Sabrina Flynn | 1162 comments Mod
Erin wrote: I want more point to a story, I think. the cross-over genres seem better for that. I didn't realize Ann Rice wrote romance! I thought she was more a paranormal person?

Erin, I definitely wouldn't put it in the romance genre (although some of the reviewers think it's very romantic)... more like an obscene fairy tale of humiliation and enslavement. She wrote it under another pen name. The writing wasn't bad, but Erotica isn't a genre for me.

And I'm with you on horror, I'm not really looking forward to my sampling of that genre, but who knows, I might like it and now I can say I've tried a bit of everything.
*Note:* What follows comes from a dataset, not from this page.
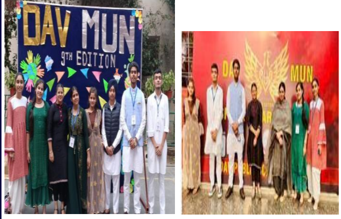
Students participated in MUN at YPS and DAV, Patiala

4X400m relay (Bronze) 4.Manmeet(XA)- 4X100m relay( Silver) 4X400m relay(Bronze) at District Level.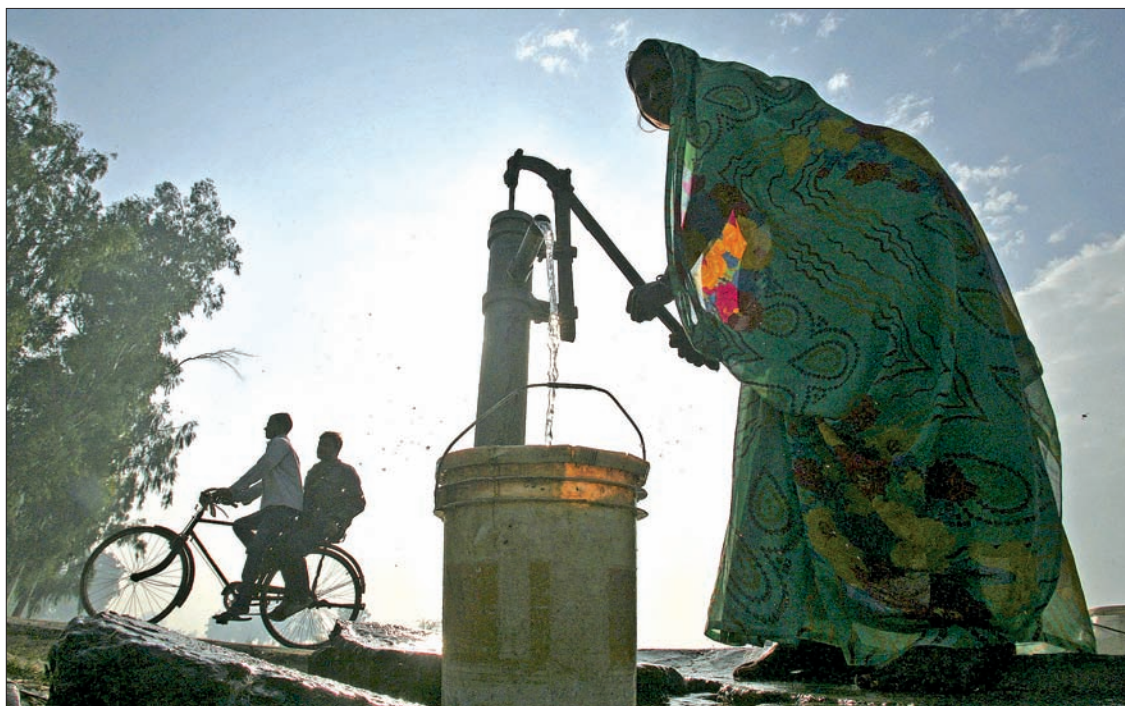
A woman uses a hand-pump to fill drinking water on the outskirts of Amritsar in the northern state of Punjab, India, on 15 November.

Prime Minister Narendra Modi has urged farmers to use water wisely, advocating a "per drop, more crop" approach that includes water-saving methods like drip

message 97: by Jen LD (last edited Jun 10, 2012 01:55PM) (new)

Jen LD (jenld) | 420 comments I guess I am lucky. I was paid to "try horror," as you say. I read to a blind boy for about 2 years in college. I read what he needed to read so I read Steven King for a class in various genres. That was the least to my taste, thank goodness. Can only clearly remember one other thing, "On Death and Dying" by Elizabeth Kubler Ross which taught me how to read aloud and cry silently at the same time. Other than that, I think I can live my life without trying genres that don't immediately attract.
...
Jen


message 98: by Erin (new) - rated it 4 stars

Erin (tangential1) | 1638 comments Mod
Sabrina wrote: "And I'm with you on horror, I'm not really looking forward to my sampling of that genre, but who knows, I might like it and now I can say I've tried a bit of everything."

I find it kind of funny that I'm entirely capable of reading creepy murder thrillers (like The Alienist for example) and have trouble with horror stories. They seem so closely related; especially when the author gives you a peek into the head of the killer and you see the horrible things he's doing. Maybe it's just a level of description, though.


message 99: by Jen LD (new)

Jen LD (jenld) | 420 comments I know "War of the Worlds" is not technically horror although it was pretty horrible, at least the movie, but I found I could watch it once I realized how improbable the premise was. After that I saw a tale of redemption (Tom Cruise) and a reaffirmation of a family's love for each other. Of course that was mixed in with a heckuva lotta chaff....
Jen


message 100: by Lynne (new)

Lynne | 6 comments Laurie wrote: "Just to let you know, the ARC (or as they call them now, ARE) is not the final edition of the manuscript, since there were a bajillion small changes and improvements. If you want the definitive LR..."

PatK wrote: "ME OH ME OH ME TOO!"

I think it is pretty cool to read an ARC or ARE (whatever the term du jour is) because it is a good way to observe the evolution of a story. I hope I get a shot at reading it.